Connector version: 10.5.23
Issue itself looks very similar to #81, but it was marked as resolved a long time ago.

Sometimes connector tasks fail with the next exception:

org.apache.kafka.connect.errors.ConnectException: We encountered an internal error. Please try again. (Service: Amazon S3; Status Code: 200; Error Code: InternalError; Request ID: W5B15QEASQ408SWZ; S3 Extended Request ID: Q0405gasPFau+6r5Jod0XJgj84dDHs6A1p7iHzEtSObprUKBab/KbdFyDGj9RN3BBXPz++jEgRPlGUfyHJezQDkl5q56pp4ec4ikEQQ1z4U=; Proxy: null)
	at io.confluent.connect.s3.util.S3ErrorUtils.throwConnectException(S3ErrorUtils.java:84)
	at io.confluent.connect.s3.format.S3RetriableRecordWriter.commit(S3RetriableRecordWriter.java:62)
	at java.base/java.util.Optional.ifPresent(Optional.java:178)
	at io.confluent.connect.s3.format.KeyValueHeaderRecordWriterProvider$1.commit(KeyValueHeaderRecordWriterProvider.java:139)
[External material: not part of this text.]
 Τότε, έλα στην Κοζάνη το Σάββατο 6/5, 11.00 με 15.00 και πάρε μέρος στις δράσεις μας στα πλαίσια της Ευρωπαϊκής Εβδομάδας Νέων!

	at io.confluent.connect.s3.TopicPartitionWriter.commitFile(TopicPartitionWriter.java:736)
	at io.confluent.connect.s3.TopicPartitionWriter.commitFiles(TopicPartitionWriter.java:705)
	at io.confluent.connect.s3.TopicPartitionWriter.commitOnTimeIfNoData(TopicPartitionWriter.java:424)
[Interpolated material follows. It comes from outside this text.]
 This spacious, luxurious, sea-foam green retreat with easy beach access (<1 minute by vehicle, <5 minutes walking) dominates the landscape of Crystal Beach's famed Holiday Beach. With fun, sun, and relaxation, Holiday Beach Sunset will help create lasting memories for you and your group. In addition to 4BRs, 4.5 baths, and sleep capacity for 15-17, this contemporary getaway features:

	at io.confluent.connect.s3.TopicPartitionWriter.write(TopicPartitionWriter.java:242)
	at io.confluent.connect.s3.S3SinkTask.put(S3SinkTask.java:258)
	at org.apache.kafka.connect.runtime.WorkerSinkTask.deliverMessages(WorkerSinkTask.java:606)
	at org.apache.kafka.connect.runtime.WorkerSinkTask.poll(WorkerSinkTask.java:345)
	at org.apache.kafka.connect.runtime.WorkerSinkTask.iteration(WorkerSinkTask.java:247)
	at org.apache.kafka.connect.runtime.WorkerSinkTask.execute(WorkerSinkTask.java:216)
	at org.apache.kafka.connect.runtime.WorkerTask.doRun(WorkerTask.java:226)
	at org.apache.kafka.connect.runtime.WorkerTask.run(WorkerTask.java:281)
	at org.apache.kafka.connect.runtime.isolation.Plugins.lambda$withClassLoader$1(Plugins.java:238)
	at java.base/java.util.concurrent.Executors$RunnableAdapter.call(Executors.java:539)
	at java.base/java.util.concurrent.FutureTask.run(FutureTask.java:264)
	at java.base/java.util.concurrent.ThreadPoolExecutor.runWorker(ThreadPoolExecutor.java:1136)
	at java.base/java.util.concurrent.ThreadPoolExecutor$Worker.run(ThreadPoolExecutor.java:635)
	at java.base/java.lang.Thread.run(Thread.java:840)
Caused by: java.io.IOException: We encountered an internal error. Please try again. (Service: Amazon S3; Status Code: 200; Error Code: InternalError; Request ID: W5B15QEASQ408SWZ; S3 Extended Request ID: Q0405gasPFau+6r5Jod0XJgj84dDHs6A1p7iHzEtSObprUKBab/KbdFyDGj9RN3BBXPz++jEgRPlGUfyHJezQDkl5q56pp4ec4ikEQQ1z4U=; Proxy: null)
	at io.confluent.connect.s3.storage.S3OutputStream.handleAmazonExceptions(S3OutputStream.java:255)
	at io.confluent.connect.s3.storage.S3OutputStream.access$800(S3OutputStream.java:53)
	at io.confluent.connect.s3.storage.S3OutputStream$MultipartUpload.complete(S3OutputStream.java:317)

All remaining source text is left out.